__Task__. In the entries below, find the line containing "A LARGE COLLECTION". Write out that line and all lines after it, exactly, and nothing else.

[Records from a data collection]
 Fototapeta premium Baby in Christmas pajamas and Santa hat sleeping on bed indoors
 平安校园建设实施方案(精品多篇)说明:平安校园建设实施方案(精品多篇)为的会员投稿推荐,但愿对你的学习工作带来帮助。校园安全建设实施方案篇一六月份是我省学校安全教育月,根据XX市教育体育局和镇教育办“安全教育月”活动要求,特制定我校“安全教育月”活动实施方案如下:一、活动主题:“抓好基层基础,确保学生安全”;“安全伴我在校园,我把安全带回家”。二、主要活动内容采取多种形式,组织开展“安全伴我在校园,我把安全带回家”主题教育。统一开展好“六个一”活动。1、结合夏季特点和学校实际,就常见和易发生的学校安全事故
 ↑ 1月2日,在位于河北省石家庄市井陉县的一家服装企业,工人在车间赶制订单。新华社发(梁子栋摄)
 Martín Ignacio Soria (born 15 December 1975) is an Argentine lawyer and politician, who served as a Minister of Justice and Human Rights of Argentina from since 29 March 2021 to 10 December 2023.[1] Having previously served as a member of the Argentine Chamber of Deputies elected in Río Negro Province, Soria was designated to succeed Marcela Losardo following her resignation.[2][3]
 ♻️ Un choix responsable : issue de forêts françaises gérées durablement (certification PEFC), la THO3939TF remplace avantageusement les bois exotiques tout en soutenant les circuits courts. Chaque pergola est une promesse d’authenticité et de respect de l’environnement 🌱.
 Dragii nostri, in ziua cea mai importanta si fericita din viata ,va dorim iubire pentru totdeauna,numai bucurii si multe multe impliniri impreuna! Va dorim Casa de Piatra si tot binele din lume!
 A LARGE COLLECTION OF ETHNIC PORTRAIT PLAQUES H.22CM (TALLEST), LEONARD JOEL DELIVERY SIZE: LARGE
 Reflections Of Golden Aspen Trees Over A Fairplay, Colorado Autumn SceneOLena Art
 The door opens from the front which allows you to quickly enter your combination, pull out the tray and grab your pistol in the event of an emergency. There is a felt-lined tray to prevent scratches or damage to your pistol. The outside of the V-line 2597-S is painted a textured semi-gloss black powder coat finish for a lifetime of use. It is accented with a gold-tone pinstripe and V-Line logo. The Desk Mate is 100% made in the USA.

__Response__.
 A LARGE COLLECTION OF ETHNIC PORTRAIT PLAQUES H.22CM (TALLEST), LEONARD JOEL DELIVERY SIZE: LARGE
 Reflections Of Golden Aspen Trees Over A Fairplay, Colorado Autumn SceneOLena Art
 The door opens from the front which allows you to quickly enter your combination, pull out the tray and grab your pistol in the event of an emergency. There is a felt-lined tray to prevent scratches or damage to your pistol. The outside of the V-line 2597-S is painted a textured semi-gloss black powder coat finish for a lifetime of use. It is accented with a gold-tone pinstripe and V-Line logo. The Desk Mate is 100% made in the USA.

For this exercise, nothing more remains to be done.